These are tasty fish, with many people saying the meat tastes similar to the dinner-favorite Hogfish.
Of all of the bottom dwellers you will come across in deep water, the Queen Snapper is probably the most spectacular. They like rugged areas on the bottom, so you’ve got to seek out humps, rocky ledges, or holes.
Queens are tricky because once they start biting, they will eat anything. But when they aren’t biting, there’s nothing that will tempt them. It’s believed that they’re a migratory species that leaves our waters for months at a time.

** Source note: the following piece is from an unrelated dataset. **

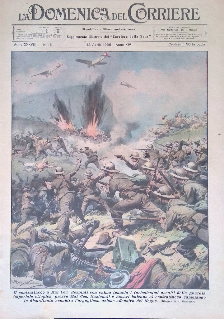 Il contrattacco a Mai Ceu. Respinti con calma tenacia i furiosissimi assalti della guardia imperiale etiopica, presso Mai Ceu, Nazionali e Ascari balzano al contrattacco cambiando in disordinata sconfitta l'azione offensiva del Negus (Achille Beltrame)

They’re also challenging to get to the boat if there are any sharks in the area–you have to use the perfect amount of drag to get them to the surface. Use a 12/0 to 14/0 hook on a three to six hook rig.
Many anglers believe that Queens are the best-eating fish to be found in all of Florida. Regardless, they are a gorgeous bright red fish that makes a prize catch.
Tilefish live from 400 to 1,300 feet down, and they like muddy bottom areas where they can burrow down. Since they seldom leave the bottom, you’ve got to get your bait right on the seafloor. They love squid but will eat other fish too. Golden Tiles are renown for being excellent table fare.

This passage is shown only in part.